● **EXERCISE BRIEF**: The material below includes pictures; leave them out and return only the lines between the line containing "Difusor Quartzo Verde Cascalho Banho Ouro." and the line containing "2年生は算数で初めてテープ図", inclusive, word for word.

● **PROVIDED MATERIAL**:

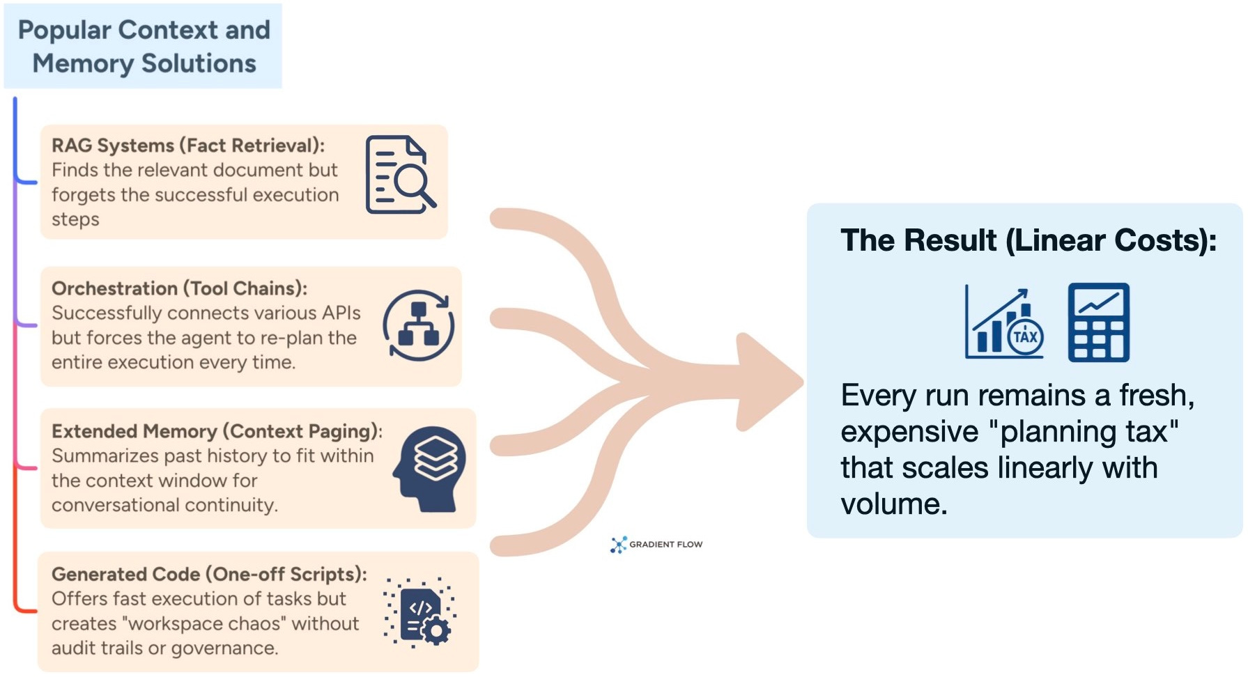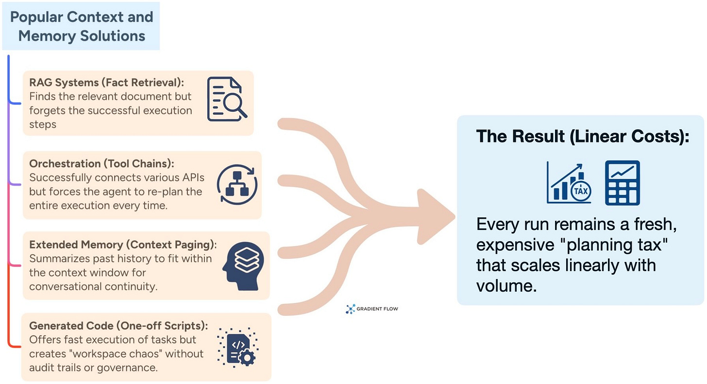 In the end, current memory methods force agents to remain in a state of perpetual improvisation. Because there is no way to “crystallize” a successful solution into a reusable procedure, the organization never develops an institutional learning curve. To really scale in an enterprise, agents need to stop just managing what is in their immediate context and start building a permanent library of proven procedures. This transforms one-off successes into reliable, repeatable assets.
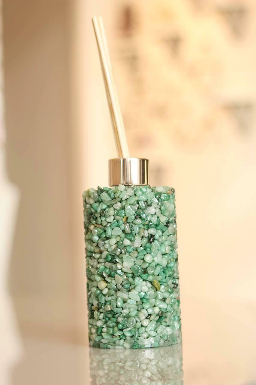 Difusor Quartzo Verde Cascalho Banho Ouro.
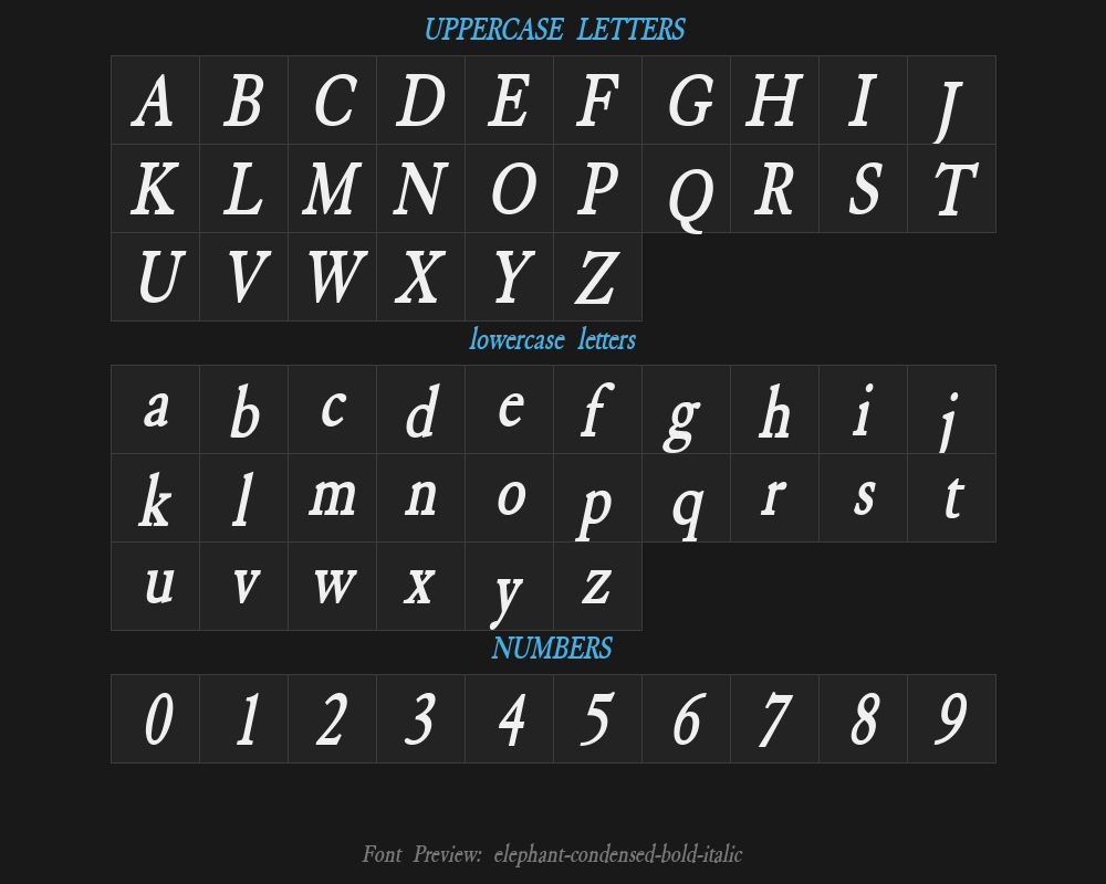 | PostScript name | Elephant-Condensed-BoldItalic |
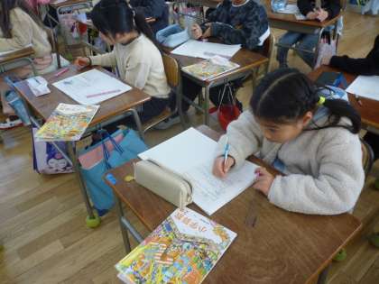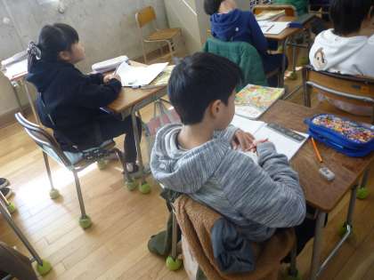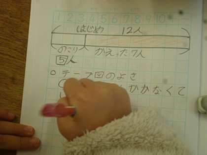 2年生は算数で初めてテープ図を使いました。問題は「はじめに12人いました。7人がかえりました。残りは何人ですか」です。ノートにテープ図を書いて説いていきました。テープ図にすると引き算で解くことがよくわかります。
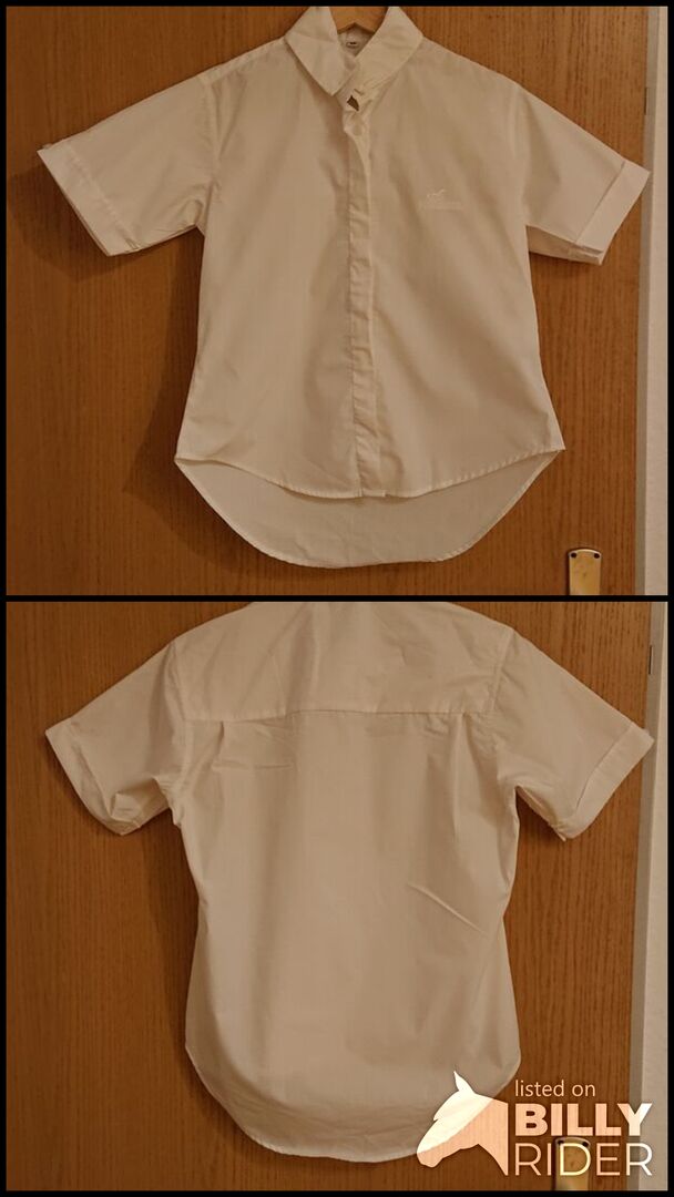 Kortärmad tävlingsblus för damer, storlek 36, använd en gång - Till salu vit showblus från Hawthorne, endast buren en gång för ett ridtest, perfekt skick.
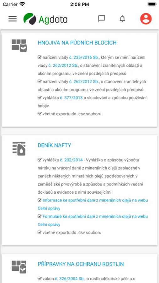 Agdata vám navíc nabízí detailní analýzu dusíku a dalších živin a umožní tak efektivně plánovat aplikace hnojiv. Zákonné evidence budete mít k dispozici na jeden klik a vždy aktuální, žádná kontrola vás již nezaskočí.
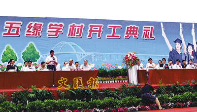 廈門市委常委、市政府常務副市長丁國炎在開工儀式上表示,將把「五緣學村」建成中國高水平、高品位的現代化一流學園,該學村的建成將有助推進當地乃至內地的基礎教育建設。
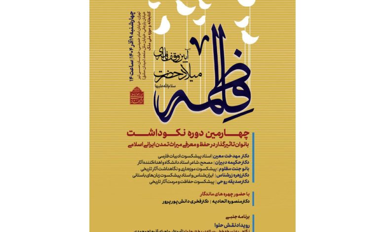 آیین «وقفنامهای میلاد حضرت فاطمه زهرا (س)» همراه با چهارمین دوره نکوداشت بانوان تأثیرگذار در حفظ و معرفی میراث تمدن ایرانی ـ اسلامی، در موزه ملی ملک برگزار میشود.
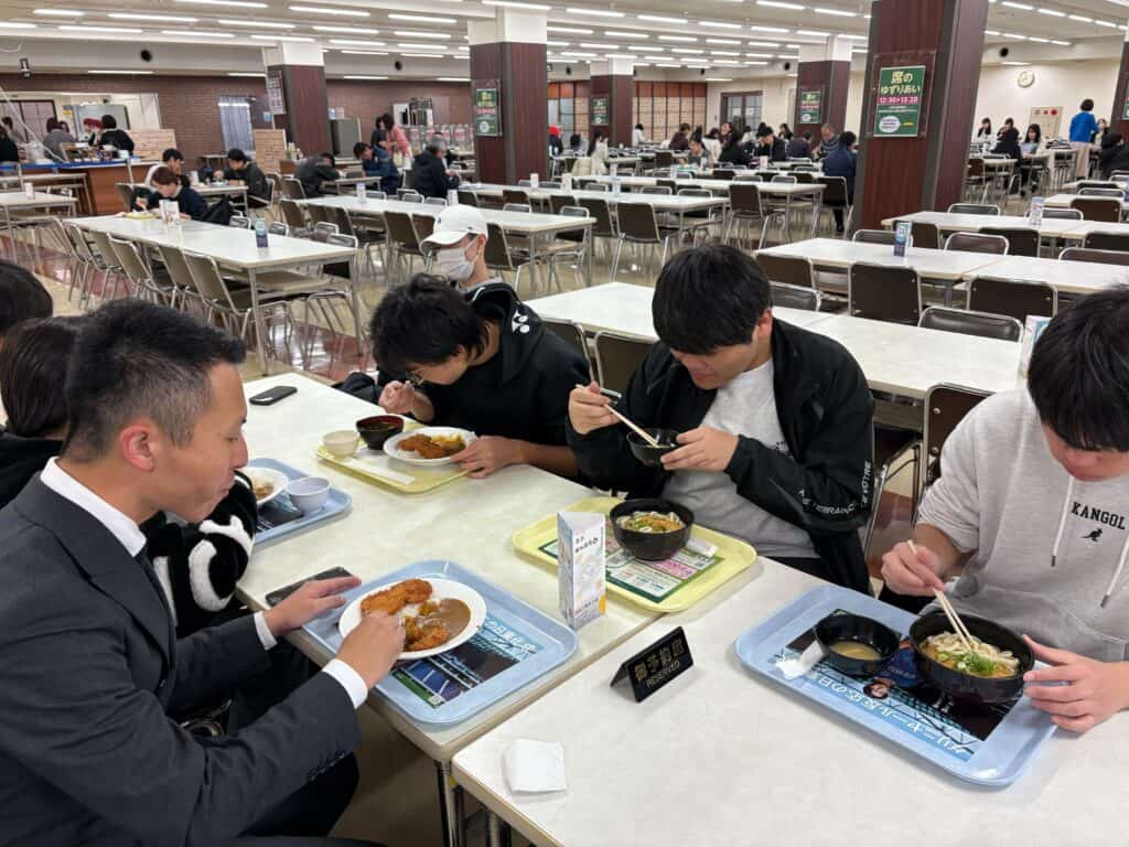 学生食堂にて昼食をとった後、大学生ボランティアによる説明会とキャンパスツアーに参加しました。

● **EXERCISE RESULT**:
 Difusor Quartzo Verde Cascalho Banho Ouro.
 | PostScript name | Elephant-Condensed-BoldItalic |
 2年生は算数で初めてテープ図を使いました。問題は「はじめに12人いました。7人がかえりました。残りは何人ですか」です。ノートにテープ図を書いて説いていきました。テープ図にすると引き算で解くことがよくわかります。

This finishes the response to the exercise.